I have no idea why the modified peptide generator needs to be used here: https://github.com/OpenMS/OpenMS/blob/ecfd8431856a16f04d21d001191294005ebe7745/src/topp/SageAdapter.cpp#L324C22-L324C22
But it's probably the problem.
I think
- we can't assign a static Carbamidomethyl (C) and a variable mod at C
- Pyro-carbamidomethyl (N-term C) - the delta is relative to Cys and not to the Carabamidomethylated one. We can't use both on the same residue.
- It doesn't use the ModifiedPeptideGenerator but just uses a static helper it its namespace (to get details of the fixed mod)
A temporary solution could be to use both as variable modifications. This should give the correct delta masses.
On second thinking - could it be that the actual modification they want is ammonia loss? It seems to lead to Pyro-carbamidomethyl (C)?
<umod:mod title="Ammonia-loss" full_name="Loss of ammonia" username_of_poster="unimod"
<umod:specificity hidden="0" site="C" position="Any N-term" classification="Artefact"
spec_group="3">
<umod:misc_notes>Pyro-carbamidomethyl as a delta from Carbamidomethyl-Cys</umod:misc_notes>
</umod:specificity>
<umod:specificity hidden="1" site="S" position="Protein N-term"
classification="Post-translational"
spec_group="2"/>
<umod:specificity hidden="1" site="T" position="Protein N-term"
classification="Post-translational"
spec_group="1"/>
<umod:specificity hidden="1" site="N" position="Anywhere" classification="Chemical derivative"
spec_group="4">
<umod:misc_notes>N-Succinimide</umod:misc_notes>
</umod:specificity>
Interesting that the same config was pass to COMETAdapter and it works
Correct, that's why I think it's a bug in the "helper" function.
For example, I don't know why one would want to look up by full ID if the residue and terminus is known.

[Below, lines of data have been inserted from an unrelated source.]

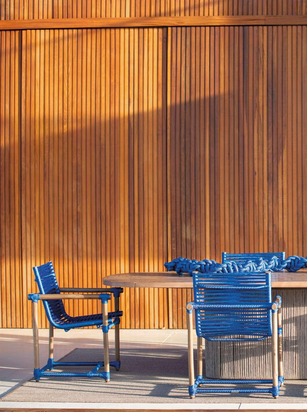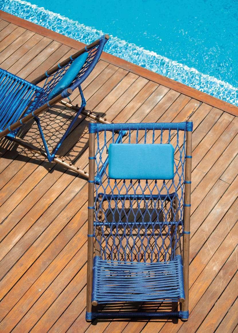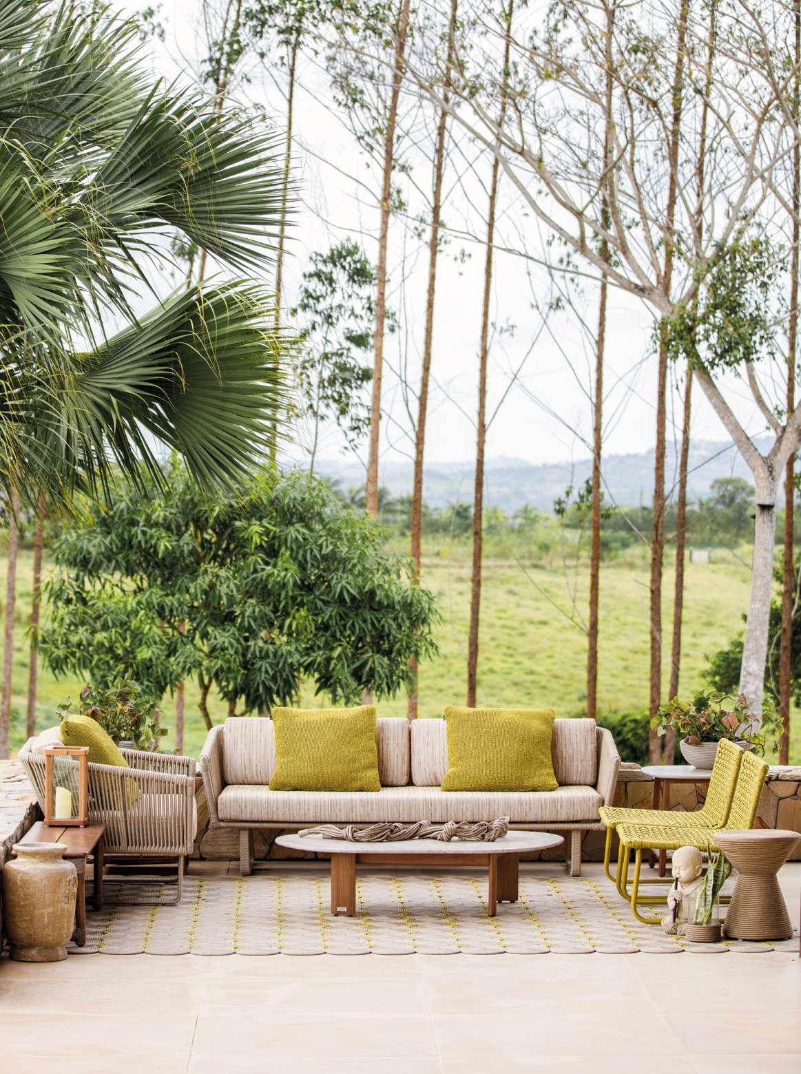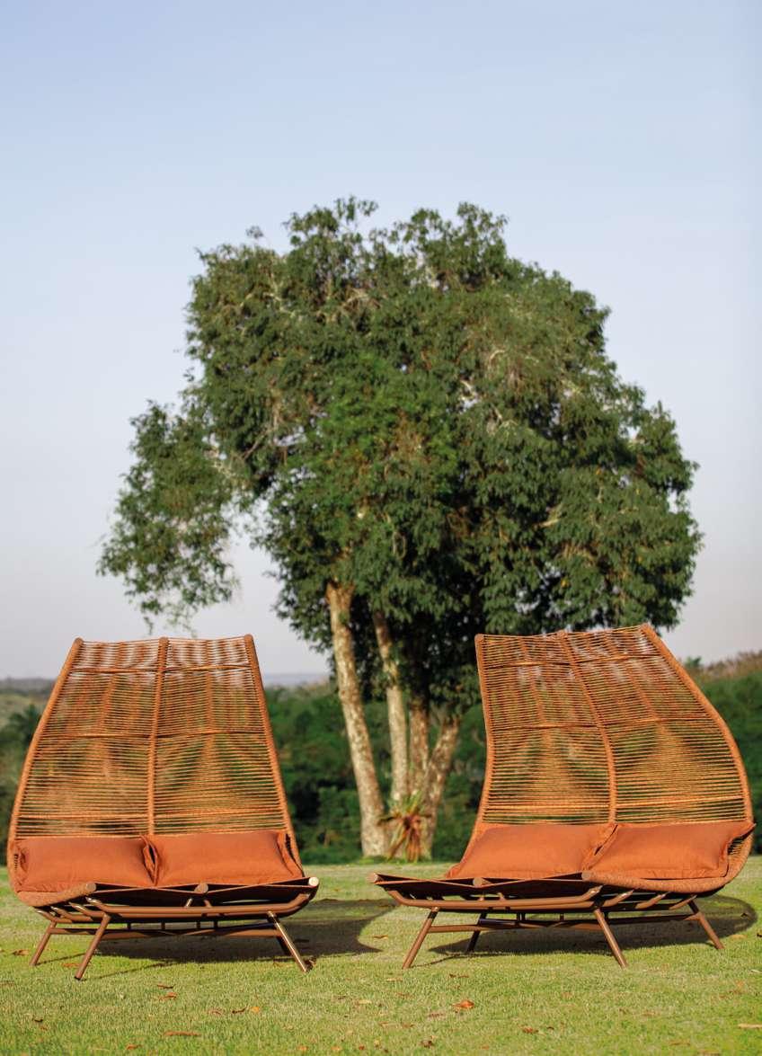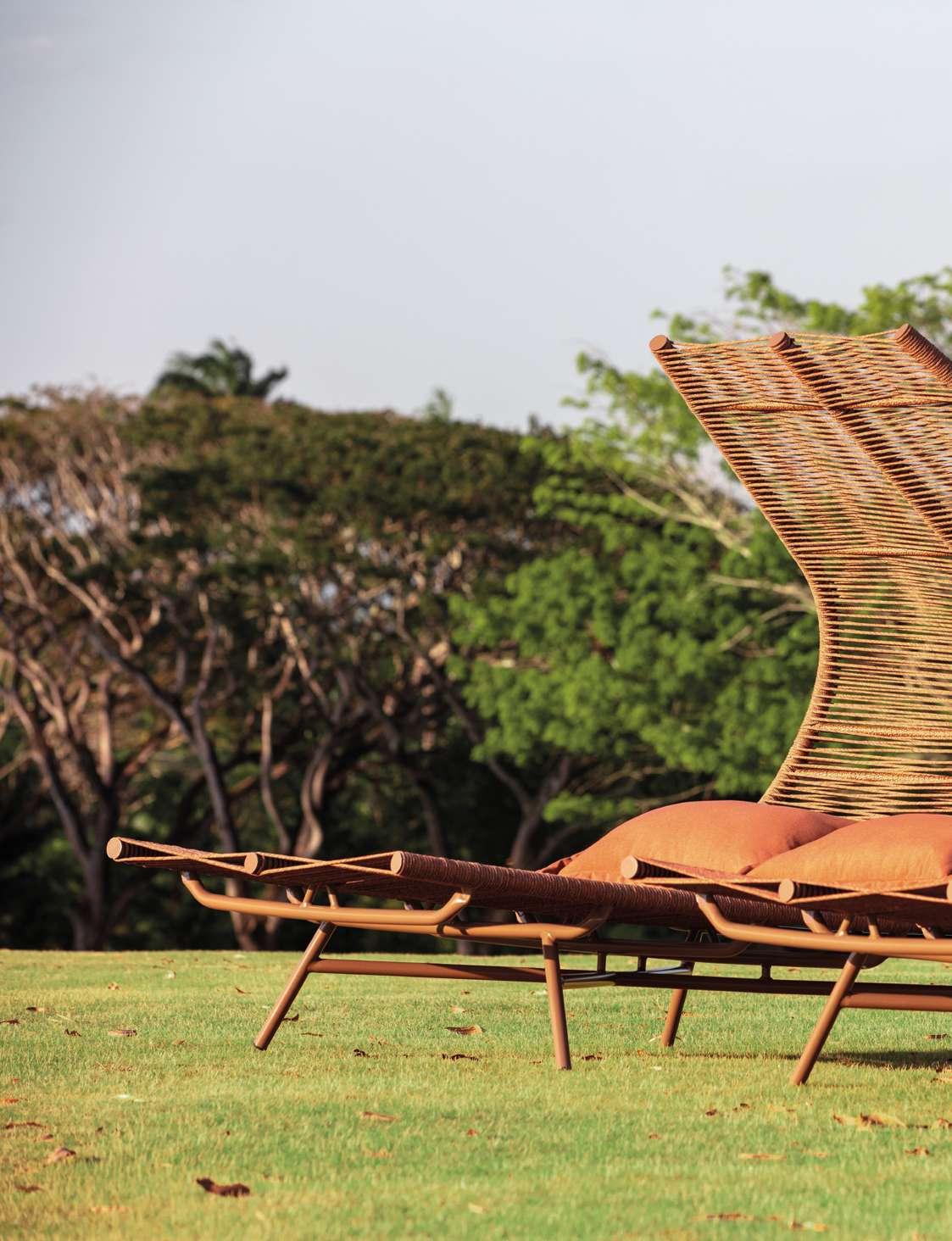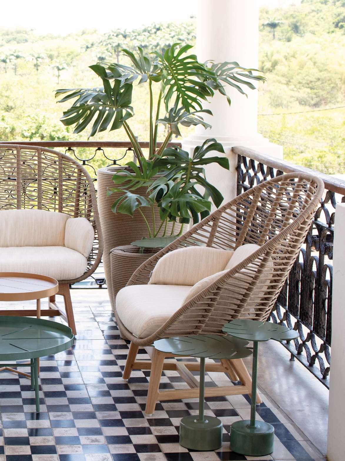 Shell chairs, lounge chairs and loveseat, Spool stool and side table, Rio tray table, Amazônia Vitória Régia coffee table, Amazônia Costela de Adão side tables, Tidelli planters, Kauai light pendant and Tidelli wall fixtures.
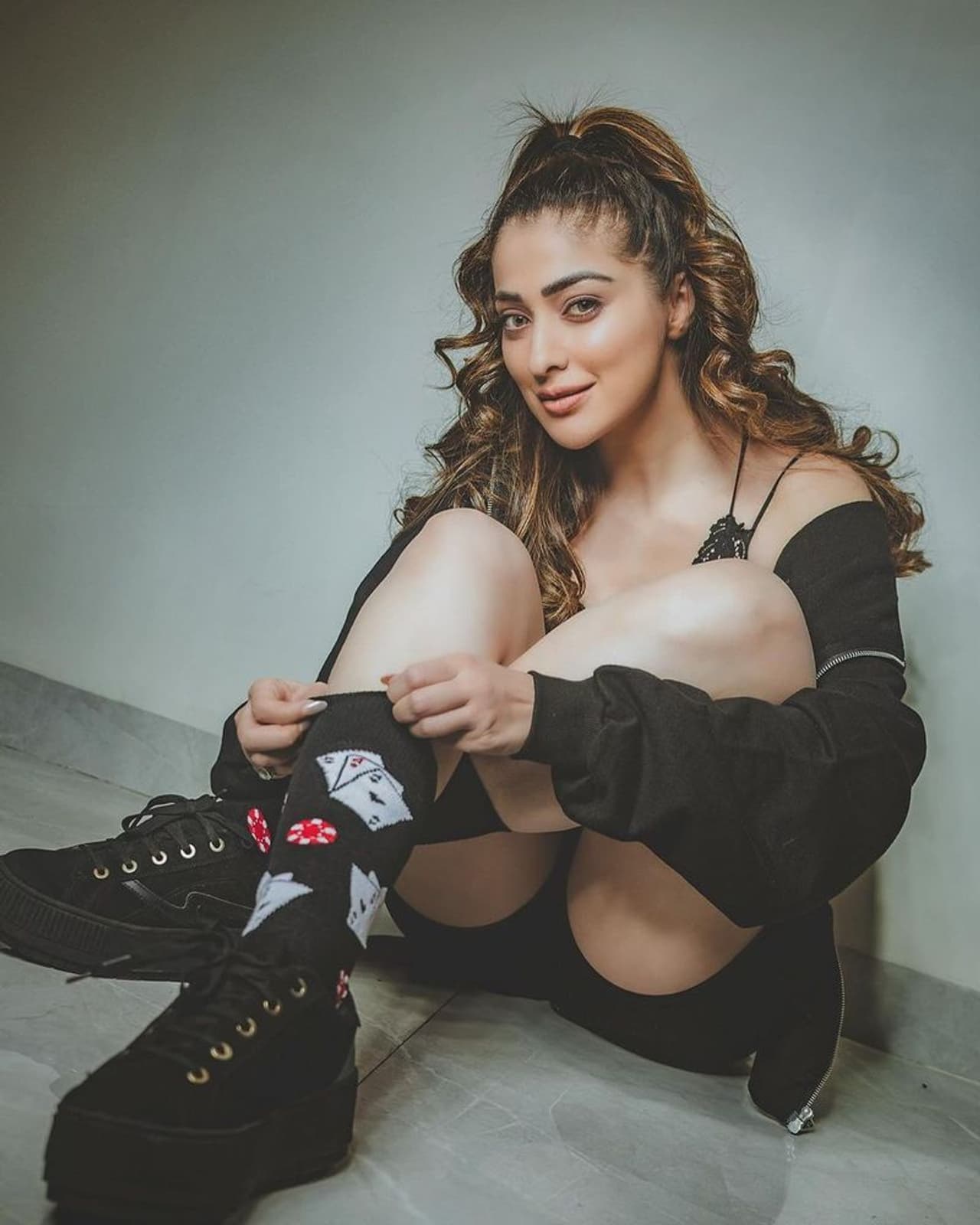 బ్లాక్ డ్రెస్ లో రాయ్ లక్ష్మి ఇస్తున్న ఫోజులు నెవర్ బిఫోర్ అనే చెప్పాలి. సిట్టింగ్ ఫోజులో తన థండర్ థైస్ తో ఇస్తున్న ఫోజులు యువతలో హీటు పెంచేస్తున్నాయి. అంతలా తన గ్లామర్ తో ఈ బోల్డ్ బ్యూటీ అరెస్ట్ చేస్తోంది. అలాగే తన టాప్ విప్పేస్తూ లోపల దాగున్న బ్రా సొగసుతో మంటలు రేపుతోంది ఈ స్టన్నింగ్ బ్యూటీ.
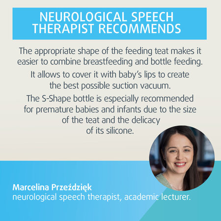 The ergonomic shape of the bottle makes feeding more comfortable for both baby and carer. When feeding with the S-Shaped Bottle, the carer intuitively adopts a natural and correct position and the baby does not need to tilt its head excessively, which is also important at the stage of independent bottle-feeding.
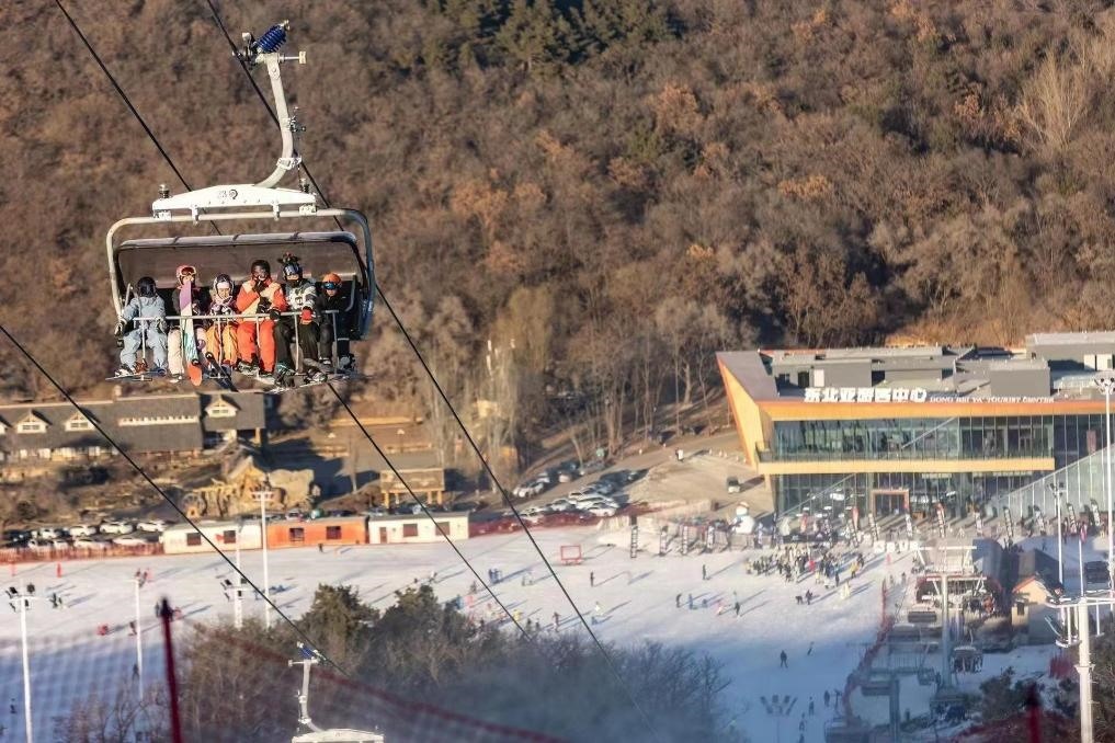 圖為游客在東北亞國(guó)際滑雪場(chǎng)乘坐纜車(chē)。
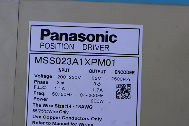 MANUFACTURER : PANASONIC MODEL : SERVO DRIVE MSS023A1XPM01
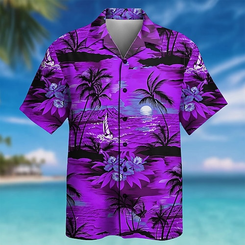 Herren Hemd Sommerhemd Freizeithemd Strandhemd Kuba-Kragen-Hemd Knopfhemd Schwarz Weiß Kaki Grau Kurzarm Einfach Kragen Urlaub Ferien Bekleidung Polyester Mode Lässig Bequem
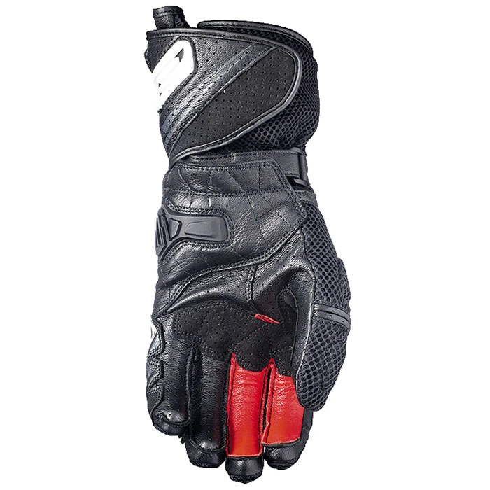 This sport and road-oriented, ultra-ventilated style, follows the characteristics of the RFX2 but incorporates special materials (perforated leather, ventilated mesh fabric) and the vented PU upper shells from the RFX1, to offer optimum air circulation. Mixed palm in full-grain leather and perforated leather, with synthetic leather reinforcements to increase grip and PU slider. Perforated leather cuff with 3D semi-rigid TPR FIVE logo. Thumb and upper sections in mesh fabrics enhance airflow. Gel thumb reinforcements. The RFX 2 Airflow offers top-level protection, excellent fit, and, especially, effective ventilation that makes it the perfect glove for summer riding.

Not sure if that's supported.
https://github.com/OpenMS/OpenMS/blob/ecfd8431856a16f04d21d001191294005ebe7745/src/openms/source/CHEMISTRY/ModifiedPeptideGenerator.cpp#L48C8-L48C8
I will give it a look.
Interesting that the same config was pass to COMETAdapter and it works
If I'm following correctly, I would assume that this is because Comet (I think MSFragger as well) adds the numeric value of variable mods to that of fixed mods - as in it applies a final delta mass of V+F. Sage applies one and only one modification to a residue (they are not additive), so the full delta masses need to be specified for every mod.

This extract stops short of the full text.